Search for 9/11 Remains to Resume in New York
2010-04-05 0:00

By Dana Chivvis |

New York City will take up its search for the remains of 9/11 victims again Monday by sifting through debris from the World Trade Center site in the hopes of releasing families from the emotional purgatory they have been in for the last nine years.

The material has been collected over the last two years from areas at ground zero that were previously inaccessible after the 2001 attack. But the city has been keeping the debris in a landfill in Staten Island, angering many families of the victims.

New York City will take up its search for the remains of 9/11 victims again Monday by sifting through debris from the World Trade Center site. Here, an excavator sifts through 9/11 rubble at the Fresh Kills landfill on Staten Island in 2002. Shawn Baldwin, AP

"What we’re objecting to is they put them on the most recently used garbage dump," said Diane Horning, whose 26-year-old son, Matthew, was killed in the attacks. "They literally threw them in the dump."

Horning co-founded WTC Families For A Proper Burial along with her husband, Kurt. In 2005, they and 16 other families sued the city to have one million tons of debris moved off the landfill. Horning has suggested the city bury the material at an empty spot on the landfill, on nearby Governor’s Island in the New York Harbor, or at the Flight 93 memorial site in Shanksville, Pa. The families lost their initial case and their appeal, which they argued in December.
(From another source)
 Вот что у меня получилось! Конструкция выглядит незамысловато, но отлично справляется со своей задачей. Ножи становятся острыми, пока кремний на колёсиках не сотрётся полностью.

At the appellate hearing, James Tyrrell Jr., a lawyer for the city, argued that taxpayer money could not be used to move the pile.

"Digging up the landfill simply because somebody’s loved ones might be there -- that’s not a sufficient reason," Tyrrell said.
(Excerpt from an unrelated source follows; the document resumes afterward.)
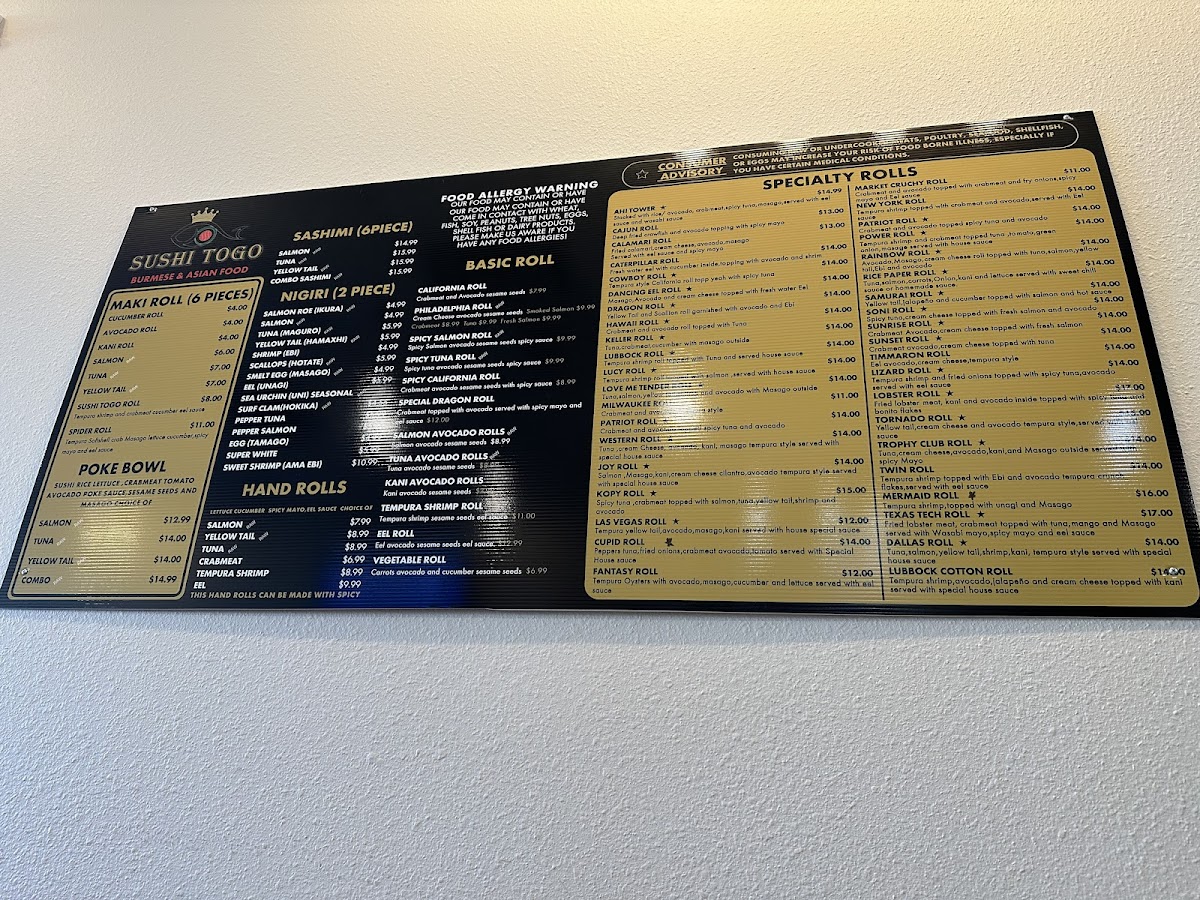 Soybean pockets, sushi rice, kani salad, tigers shrimp avocado, sushi sauce, spicy mayo, sesame seeds.

Horning hopes the upcoming sifting project will provide resolution for some families. The few remains she has of her son, which include his wallet, give her a connection to something that he once touched.

"When you get a fragment of your loved one, it’s a punch in the stomach telling you he was blown apart," Horning said. [Editor’s emphasis]
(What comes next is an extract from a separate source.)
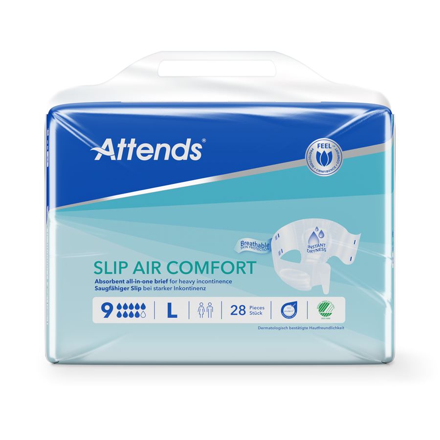 Attends Slip Air Comfort 9 jsou zalepovací absorpční kalhotky využívající technologii vnitřních kanálků pro rychlu absorpci a zajištění sucha. Jsou určeny pro řešení těžké inkontinence moči nebo stolice. Opakovaně uzavíratelné fixační pásky bezpečně udržují pomůcku na místě a minimalizují tak riziko protečení. Prodyšný materiál má schopnost propouštět vzduch. Použití tohoto materiálu pomáhá, aby byla pokožka vystavena vzduchu, který může stimulovat zdraví pokožky, aniž by docházelo k protečení.

"Of those of us who have something, they’re very small fragments."

The sifting process beginning Monday will cost an estimated $1.4 million and will take three months. During that time, anthropologists and other professionals will hand-sift through 844 cubic yards of debris.

New York City has identified 25 new 9/11 victims since 2006. Work done up to December 2007 recovered 1,772 potential human remains, according to city records. But 41 percent of the families who lost loved ones in the World Trade Center attacks have yet to recover anything.

Sally Regenhard, an activist and co-founder of the Skyscraper Safety Campaign, lost her 28-year-old son, Christian, a firefighter. To this day, she has not recovered any of his remains.

"I have no evidence that my son died. I never got the knock at the door," Regenhard said. "I have never been told where my son died, what building he was sent to, what he was doing."

She likens the feeling to those of the families of Argentina’s thousands of desaparecidos, taken by the Argentine government during the country’s Dirty War in the 1970s and whose whereabouts and fates often were never revealed.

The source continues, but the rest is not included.